*** Opening of Input data ***

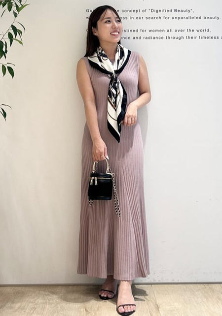 スッキリとしたタイトシルエットで「大人レディな美スタイル」に決まるワンピ。控えめなウエストリボンやリブ地が着こなしのポイントに。さらに相性抜群なY字ロングネックレスも付いています。
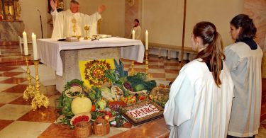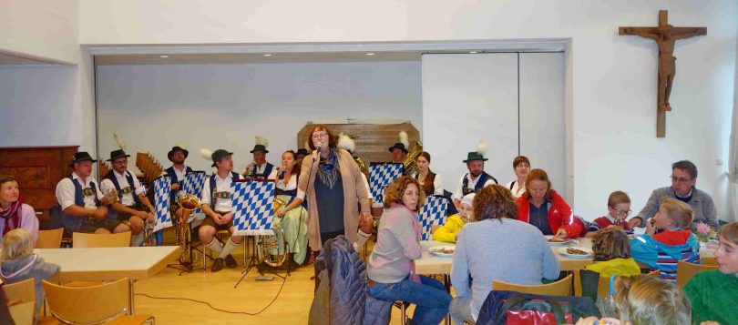 Ein Pfarrfest am Festtag Erntedank ist schon Tradition in Prien. Heuer musste aufgrund der naß-kalten Witterung nach dem Festgottesdienst in der Kirche auf die Pfarrheim-Räume ausgewichen werden. Dort standen eine gute Bewirtung – vom Chiemseer Fischfilet über die Ukraine-Spezialitäten Borschtsch (Eintopf) und Vareniki (mit Gemüse gefüllte Teigtaschen) bis zu Kaffee und Kuchen-Büffet – Weisen der Priener Blaskapelle unter der Leitung von Stefan Hackenberg und persönliche Gespräche im Mittelpunkt. Auch Pfarrvikar Gottfried Grengel, dessen Pfarrverbandes-Leitung ab 1. November zuvor in der Kirche verkündet wurde, nutzte die Gelegenheit der persönlichen Begegnungen. Pfarrgemeinderatsvorsitzende Regina Seipel hatte allen guten Grund den vielen Helferinnen und Helfern zu danken. Ihr besonderer Dank galt dem Festausschuss mit Rosi Hell, Barbara Huber, Hildegard Geisler, Marie-Luise Wimmer, Markus Kollmannsberger und Elisabeth Kotter. Sie sorgten mit ihren Vorbereitungen für unbeschwerte Pfarrfest-Stunden, dazu gehörte auch die Kinder- und Schmink-Betreuung der Katholischen Jugend im Raum der Kolpingfamilie.
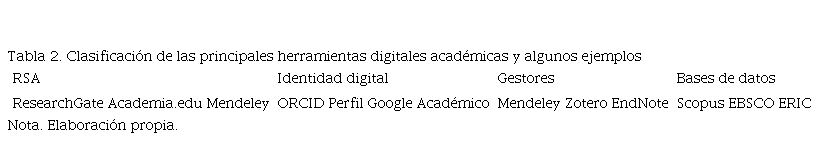 La influencia de las RSA ha dado lugar a parámetros como la altimetría, que abarca no solo las métricas arrojadas por las RSA, sino también las de otras herramientas digitales presentes en Internet. Las principales RSA son ResearchGate, Academia y Mendeley (Campos et al., 2014). Es necesario diferenciar, entonces, las herramientas digitales académicas que se encuentran disponibles en la web para identificar a las RSA. Recordemos que la principal característica de éstas es que deben permitir la interacción social. A partir de ello podríamos clasificar las diversas herramientas en: RSA, identidad digital, gestores de referencia y bases de datos científicas, entre las principales herramientas digitales académicas para la obtención de recursos y materiales científicos en línea (Tabla 2).
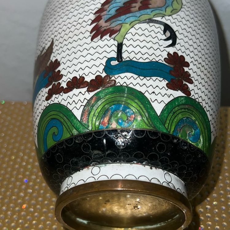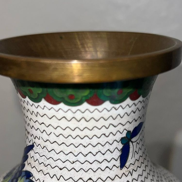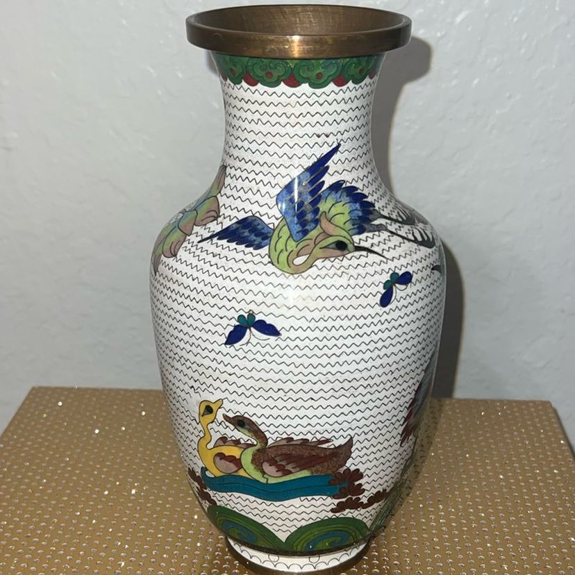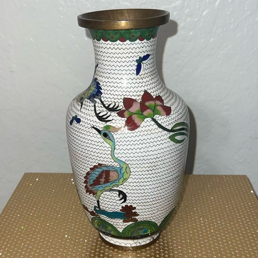 This type of vase features floral designs, such as lotus flower and other items in Asian art. The vase stands 8.5" tall and is made of copper, copper alloys, and vitreous glass enamel.

*** Close of Input data ***

The finished answer is an exact repetition of the listing, with every picture removed.

▸ **Answer to the problem**
 スッキリとしたタイトシルエットで「大人レディな美スタイル」に決まるワンピ。控えめなウエストリボンやリブ地が着こなしのポイントに。さらに相性抜群なY字ロングネックレスも付いています。
 Ein Pfarrfest am Festtag Erntedank ist schon Tradition in Prien. Heuer musste aufgrund der naß-kalten Witterung nach dem Festgottesdienst in der Kirche auf die Pfarrheim-Räume ausgewichen werden. Dort standen eine gute Bewirtung – vom Chiemseer Fischfilet über die Ukraine-Spezialitäten Borschtsch (Eintopf) und Vareniki (mit Gemüse gefüllte Teigtaschen) bis zu Kaffee und Kuchen-Büffet – Weisen der Priener Blaskapelle unter der Leitung von Stefan Hackenberg und persönliche Gespräche im Mittelpunkt. Auch Pfarrvikar Gottfried Grengel, dessen Pfarrverbandes-Leitung ab 1. November zuvor in der Kirche verkündet wurde, nutzte die Gelegenheit der persönlichen Begegnungen. Pfarrgemeinderatsvorsitzende Regina Seipel hatte allen guten Grund den vielen Helferinnen und Helfern zu danken. Ihr besonderer Dank galt dem Festausschuss mit Rosi Hell, Barbara Huber, Hildegard Geisler, Marie-Luise Wimmer, Markus Kollmannsberger und Elisabeth Kotter. Sie sorgten mit ihren Vorbereitungen für unbeschwerte Pfarrfest-Stunden, dazu gehörte auch die Kinder- und Schmink-Betreuung der Katholischen Jugend im Raum der Kolpingfamilie.
 La influencia de las RSA ha dado lugar a parámetros como la altimetría, que abarca no solo las métricas arrojadas por las RSA, sino también las de otras herramientas digitales presentes en Internet. Las principales RSA son ResearchGate, Academia y Mendeley (Campos et al., 2014). Es necesario diferenciar, entonces, las herramientas digitales académicas que se encuentran disponibles en la web para identificar a las RSA. Recordemos que la principal característica de éstas es que deben permitir la interacción social. A partir de ello podríamos clasificar las diversas herramientas en: RSA, identidad digital, gestores de referencia y bases de datos científicas, entre las principales herramientas digitales académicas para la obtención de recursos y materiales científicos en línea (Tabla 2).
 This type of vase features floral designs, such as lotus flower and other items in Asian art. The vase stands 8.5" tall and is made of copper, copper alloys, and vitreous glass enamel.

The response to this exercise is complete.